Not a lot of folks that look like you, but it's your home

So you try and enjoy it.

Southeast Georgia

Nothin' but red flags and mental disorder

Lotta hate and it's right at your doorstep

You be around bigots enough and get paranoid.

Chuck Reece: That’s Chris Casey — a 20-year-old independent artist from Savannah, Ga. Though he does rap in his songs, his music does not fit neatly into the hip-hop genre box. 

Chris Casey: I do consider it rap, but also it's like, it is like very rock, you know? There's so many artists that I can point to that are rapping — just like straight-up rapping over, like, you know, distorted guitars and like there's drum breakdowns in there. 

Like, some of them just have like straight-up rock songs; like, they're singing the whole time and they come in with a rap verse. They never like draw too much attention to it. It's kind of just like, "this is our song.

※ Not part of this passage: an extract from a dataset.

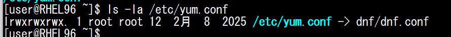 前述の通り、yumとdnfには互換性があるため、RHEL9.6の時点では、yumコマンドもdnfコマンドもどちらも同じ様に使うことができます。

This is the music that we make. We're rapping. We're singing. We're doing guitars like all this." And that was like the coolest thing ever. I was like, "if I could make music like that, then that would be like, tight."

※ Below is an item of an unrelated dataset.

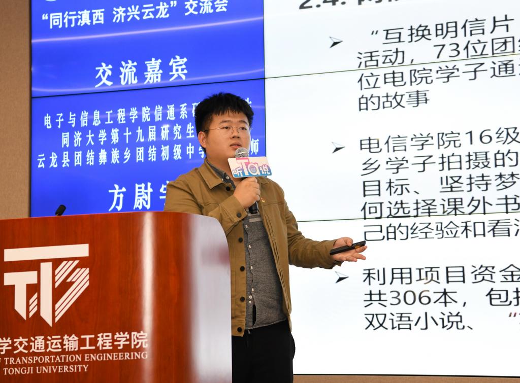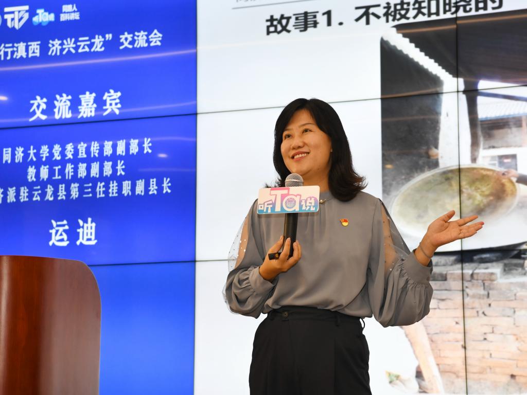随后,同济大学派驻云龙县的挂职副县长运迪、陈长、周晔,驻村第一书记郑彧豪、刘一呈、孙羽捷,以及支教团的研究生代表们,分别介绍了在云龙开展工作的经历,回顾云龙县脱贫摘帽历程,分享校地帮扶故事。

Chuck Reece: Casey has being trying to make music like that since since he was a teenager, but he rounded up a larger audience early this year, when his song "Cow Killers,” which you just heard a bit of, came out and started getting passed around in social media.

Chris Casey: I've been releasing and making music since i was about 14 and like it didn't really start like taking off and like getting like serious traction until like earlier this year in like January. “Cow Killers” pretty much was it. 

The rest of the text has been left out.